Furthermore, the 'twigs' have 'knees', which makes me imagine each 'twig' as illustrating 14 + 14 = 28 nights, with waxing moon shown by the upward line and waning moon as the downward line. 7 * 28 = 196.
Then there is a pattern 2 + 2 at left of the 'midstring' and at right a pattern with 3 isolated 'twigs' with different intervals between them. Possibly 2 + 2 at left should be regarded as the 4 quarters of the sun 'year'. Moon is shining during summer too. The extra space between the 2-groups would then represent midsummer. At left means what has passed away.
In Ca1-19 the 'berries' at right are closer to the 'stem' than those at left, which presumably means that the 2nd half of the summer 'year' has sun closer to the ground - darkness awaits.
The 'midstring' in Ca1-20 should represent autumn equinox due to its location in the glyph sequence. The argument can be used for identifying the left 'twigs' with the summer 'year'.

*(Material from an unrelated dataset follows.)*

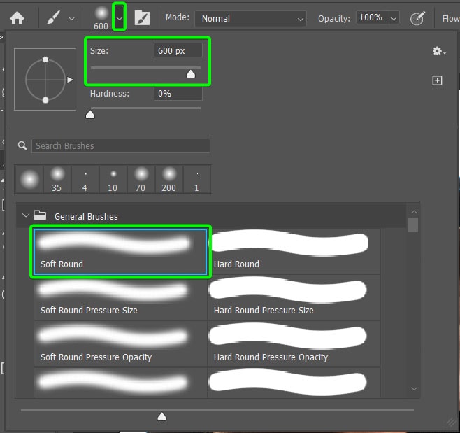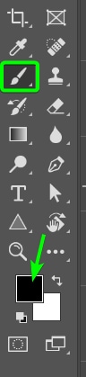 Em seguida, selecione a Ferramenta Pincel (B ) e defina a cor do primeiro plano como preto (ao lidar com máscaras de camada, ocultações de preto e revelações de branco).

On the other hand, given that in Ca1-19 the left 2 'berries' refer to seasons before midsummer and the right 2 'berries' to seasons after midsummer, we should imagine because of its location - after summer and at a point of vero - an interpretation of the 'berries' in Ca1-20 as reflecting the picture in Ca1-19. This implies that it is midwinter (not autumn equinox) which is illustrated by the 'midstring'. Two doublemonths, therefore, would be illustrated before midwinter and three isolated doublemonths afterwards.
4 * 28 = 112 and 3 * 28 = 84.
112 + 84 = 196.
If we add 4 (maybe the difference between 364 and 360, maybe the number of the top little string) we reach 200 ( = 10 *20).
If the dark part of the year covers 200 days, there will remain 364 - 200 = 164 days for the summer part.
164 = 4 * 41. If 364 - 360 = 4, then the pattern should repeat also for the summer 'year' - there are 4 extra days in addition to 4 * 40 = 160 days.
In Ca2-2 the hand has - at first glance - 4 fingers. The 3rd quarter ends at autumn equinox with the 'death' of the sun. Maybe the extra finger has been added to enable a sign of 'spooky' to show how in the last triplet (finger) of periods sun is no longer present?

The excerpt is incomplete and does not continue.